La preoccupazioni inflattive rimangono in Europa, e sui cui grava anche la possibile escalation del conflitto bellico, ma la presidente della Bce deve tarare le proprie mosse anche in base a quello che accade sulla sponda americana, avendo ben presente come un nuovo rafforzamento del biglietto verde proprio legato ad un divario dei tassi riporti nuovamente fuori controllo i prezzi nel continente europeo
Anche perché dall’altro lato dell’Atlantico la situazione rimane decisamente confusa. Dopo il “hard o soft landing” la parola in voga tuttora è “no landing” ad indicare che nonostante il furioso rialzo dei tassi visto l’anno scorso l’economia riesce a mantenere un certo vigore evitando quindi la recessione grazie alla tenuta dei consumi, favoriti dagli stimoli fiscali, e ad un mercato del lavoro che continua a dimostrarsi robusto fin sopra le attese degli analisti come ha dimostrato il dato dell’occupazione nel mese di febbraio con oltre mezzo milione di nuovi lavori rispetto ai 200 mila e rotti previsti.

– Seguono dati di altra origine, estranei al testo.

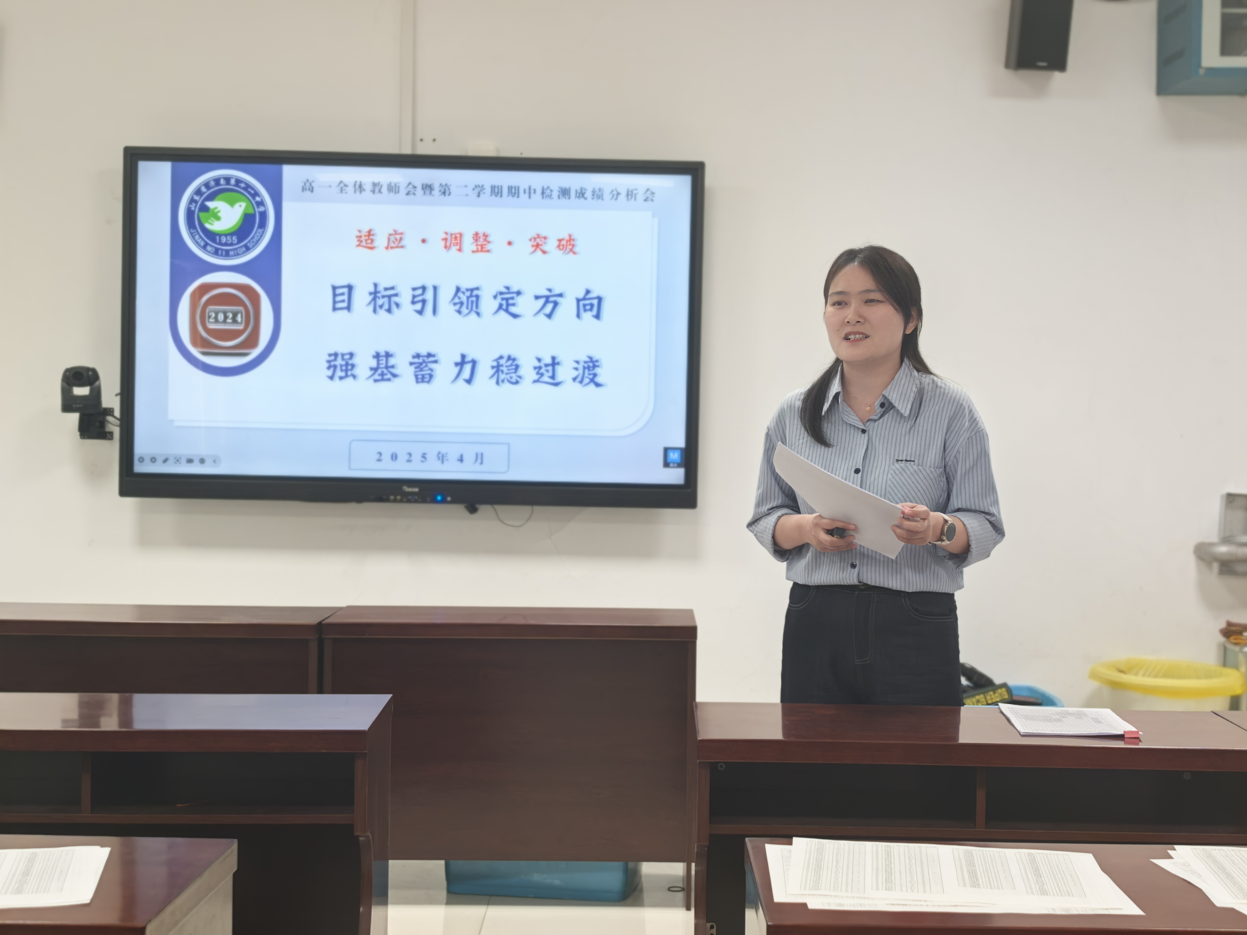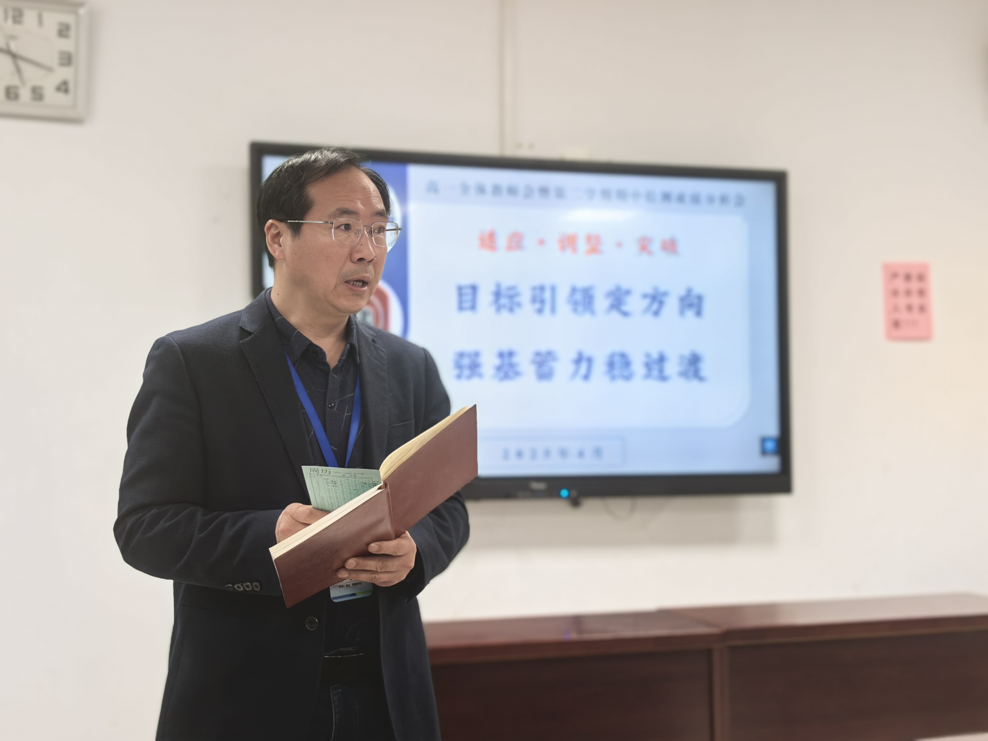 为全面分析教育教学现状,精准施策提升育人质量,4月29日下午,高一年级召开了以“适应·调整·突破”为主题的期中阶段总结会。全体高一教师齐聚一堂,共同聚焦教育教学痛点、共谋提质增效良策。会议由年级主任宋敬主持,校长杨滨参会。

Dall’altro lato i segnali negativi non mancano, a cominciare dall’inversione della curva dei rendimenti tra il Treasury bond a 2 anni (che ormai rende quasi il 5%) e quello a 10 anni con un divario ai massimi dagli anni 80, esattamente il periodo dell’iperinflazione combattuta dal governatore Volcker, e che normalmente annuncia una recessione o quando meno un forte rallentamento economico. Oppure le valutazioni aziendali che nonostante il calo dell’ultimo anno continuano a mostrare valori più alti rispetto alla media storica rendendo il mercato azionario americano ancora decisamente caro e quindi passibile di ulteriori correzioni.
Pare chiaro a questo punto che qualcuno è posizionato sul lato sbagliato, o i mercati azionari che non hanno valutato correttamente i rischi legati ai tassi e agli utili aziendali o la Fed andata troppo avanti e troppo velocemente nella sua politica restrittiva pur in presenza di una inflazione appiccicosa. La riunione di fine marzo della Fed chiarirà se Powell ha preso troppo alla lettera il ruolo di Amleto fingendosi “pazzo” in questi mesi per portare a termini i suoi piani di controllo dei prezzi.